▶ WHAT TO DO
From the first line down to the one containing "地址:常州市新北區友邦商務大廈1幢16、17層  電話:0519-85101652  傳真:0519-85112595", reproduce the entries below exactly and leave out the pictures.

(Stored data entries)
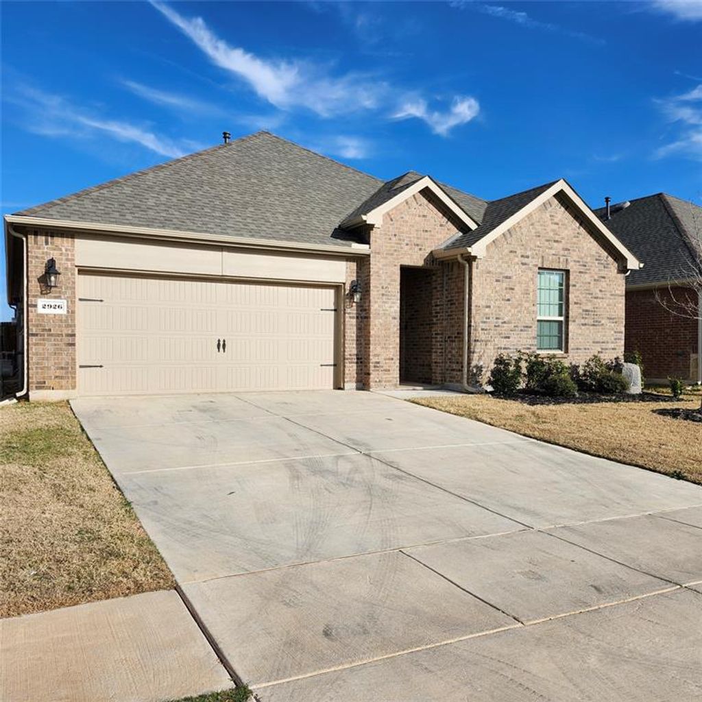Welcome to 2926 Jasper Trail, a cozy single-family home in the charming community of Silverado West. This beautifully designed brick residence offers 4 bedrooms, 3 full bathrooms, and 2,075 square feet of modern living space, perfect for families or individuals seeking comfort and style. When you step inside, you'll discover an open-concept layout featuring a spacious living area with a cozy fireplace, ideal for gatherings. The gourmet kitchen boasts sleek granite countertops, stainless steel appliances, and ample cabinetry, complemented by a large island with bar seating. Adjacent is a bright dining area seamlessly connected to the living space creating a perfect flow for entertaining. master suite is a tranquil retreat with a generous walk-in closet and an en-suite bathroom featuring dual vanities, a luxurious shower, and a soaking tub. Three additional bedrooms offer versatility for guests, children, or a home office. The additional two bathroom are equally well-appointed with modern fixtures. Outside, enjoy a well-maintained backyard with a greenhouse for gardening enthusiasts, a covered patio for outdoor relaxation, and fenced backyard with covered patio are perfect for summer outdoor activities This resort styled community has an onsite Elementary school. Community amenities include picket ball and basketball Courts, Clubhouse to host parties and family gatherings, resort style swimming pools and pavilion, dog park, playgrounds, and walking & bike trails. Don't miss this opportunity to own a move-in-ready home in Aubrey TX. "”schedule a showing today!
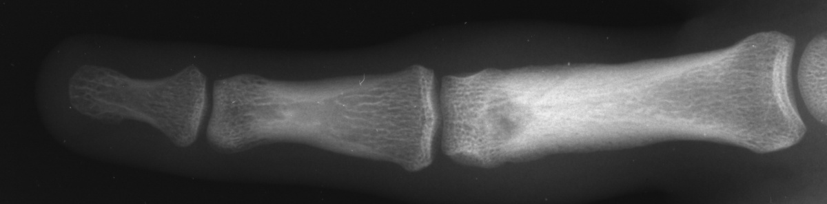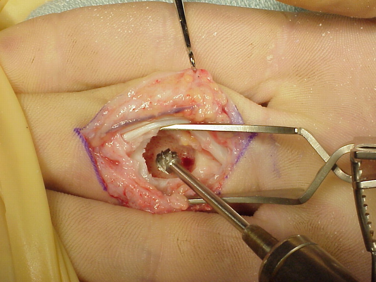 excision of an osteoid osteoma of the ring finger middle phalanx head.
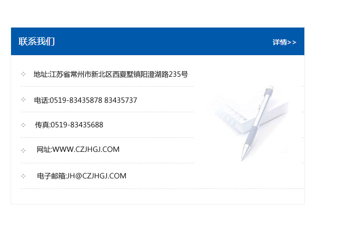 地址:常州市新北區友邦商務大廈1幢16、17層  電話:0519-85101652  傳真:0519-85112595  郵編:213022  網址:www_cz-jiayue_cn.hndqcm.com  郵箱:xiajifengaa@163.com
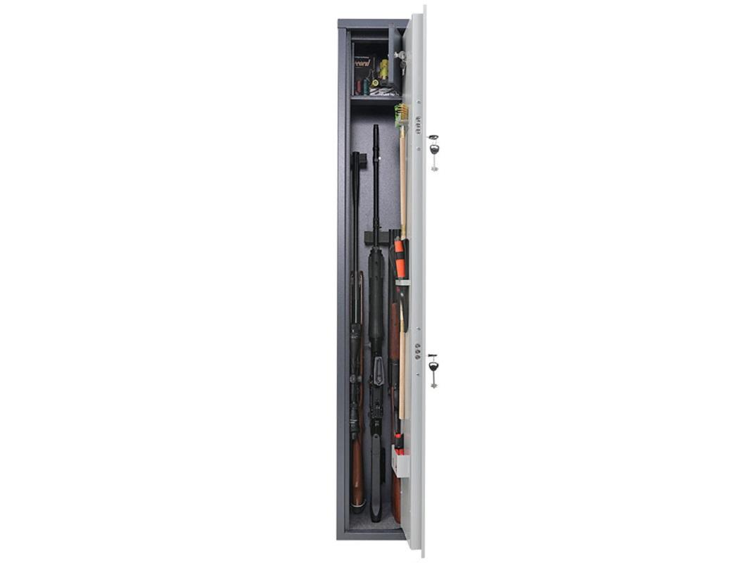 Оружейный сейф AIKO БЕРКУТ 3 предназначен для хранения огнестрельного оружия и патронов к нему. Сейф с толстыми стенками хорошо справляется со своей задачей, толстые стенки позволят ограничить доступ третьих лиц. Толщина металла корпуса и двери увеличена до 2 мм, соответствует всем требованиям Федерального закона «Об оружии». Толстый металл в совокупности с качественным порошковым покрытием позволит защитить сейф от воздействия окружающей среды, а также повысить прочность по отношению к ударам. Покрытие выдерживает самые разные температуры, особенно оно приспособлено к разным перепадам температуры. Максимальная высота ствола 1320 мм. Укомплектован специальным патронным отделением (трейзер), служащим для хранения патронов, документов особой важности и ценных вещей. Нейтральный цвет сейфа «Графит структурированный». Анкерные отверстия для крепления сейфа к стене. Есть возможность поставить ложементы для ружья (сами ложементы на магните, покупаются отдельно). Внутри сейфа установлен дополнительный отдел, который запирается на отдельный замок.
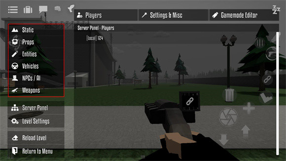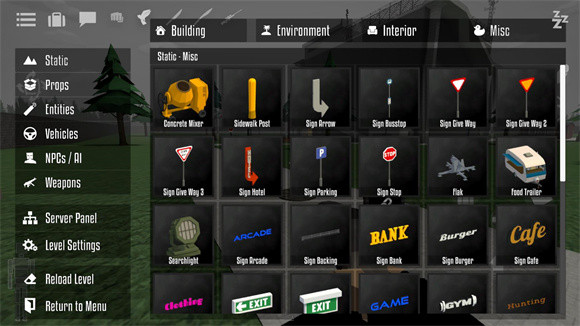 2、然后会出现一个菜单,左边这一栏就是可以添加的道具,分别是建筑、家具、实体物品、车辆、NPC角色、武器。

▶ RESPONSE FOR THIS EXERCISE
Welcome to 2926 Jasper Trail, a cozy single-family home in the charming community of Silverado West. This beautifully designed brick residence offers 4 bedrooms, 3 full bathrooms, and 2,075 square feet of modern living space, perfect for families or individuals seeking comfort and style. When you step inside, you'll discover an open-concept layout featuring a spacious living area with a cozy fireplace, ideal for gatherings. The gourmet kitchen boasts sleek granite countertops, stainless steel appliances, and ample cabinetry, complemented by a large island with bar seating. Adjacent is a bright dining area seamlessly connected to the living space creating a perfect flow for entertaining. master suite is a tranquil retreat with a generous walk-in closet and an en-suite bathroom featuring dual vanities, a luxurious shower, and a soaking tub. Three additional bedrooms offer versatility for guests, children, or a home office. The additional two bathroom are equally well-appointed with modern fixtures. Outside, enjoy a well-maintained backyard with a greenhouse for gardening enthusiasts, a covered patio for outdoor relaxation, and fenced backyard with covered patio are perfect for summer outdoor activities This resort styled community has an onsite Elementary school. Community amenities include picket ball and basketball Courts, Clubhouse to host parties and family gatherings, resort style swimming pools and pavilion, dog park, playgrounds, and walking & bike trails. Don't miss this opportunity to own a move-in-ready home in Aubrey TX. "”schedule a showing today!
 excision of an osteoid osteoma of the ring finger middle phalanx head.
 地址:常州市新北區友邦商務大廈1幢16、17層  電話:0519-85101652  傳真:0519-85112595  郵編:213022  網址:www_cz-jiayue_cn.hndqcm.com  郵箱:xiajifengaa@163.com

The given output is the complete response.